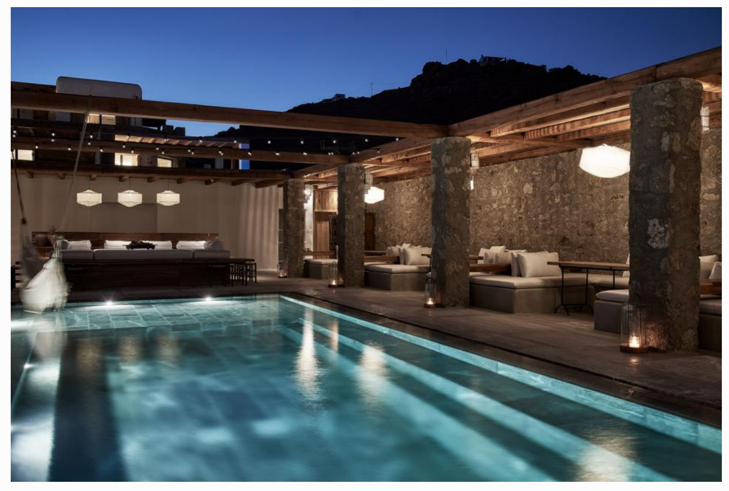
Pool at Nomad, Mykonos. NOMAD

Every piece of decoration in the hotel is handpicked, and the architecture is simple yet refined. The smooth, earthy, grey tones throughout create a soothing atmosphere, which is echoed by the tranquil mountainous landscape the hotel is built on.
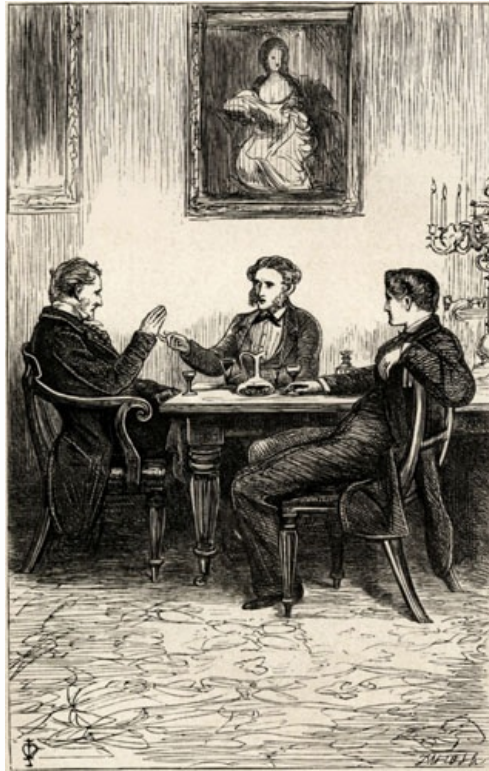
Over their Wine.

"But I should be wicked beyond everything if I were to complain, seeing that Providence has given me so much that I had no right to expect. What should I have done in my loneliness if Sir Peregrine's hand and door had never been opened to me?" And then for the next half-hour the two ladies held sweet converse together, during which we will go back to the gentlemen over their wine.
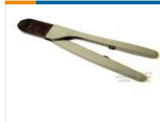
TE Part # 91590-1 CCII DRAWER CONNECTOR 20-16 ASSY

== What you should do ==
What is needed is a word-for-word restatement of the lines from the one holding "Every piece of" to the final line of the data above, inclusive, without any pictures.

== Answer to this task ==
Every piece of decoration in the hotel is handpicked, and the architecture is simple yet refined. The smooth, earthy, grey tones throughout create a soothing atmosphere, which is echoed by the tranquil mountainous landscape the hotel is built on.
Over their Wine.

"But I should be wicked beyond everything if I were to complain, seeing that Providence has given me so much that I had no right to expect. What should I have done in my loneliness if Sir Peregrine's hand and door had never been opened to me?" And then for the next half-hour the two ladies held sweet converse together, during which we will go back to the gentlemen over their wine.
TE Part # 91590-1 CCII DRAWER CONNECTOR 20-16 ASSY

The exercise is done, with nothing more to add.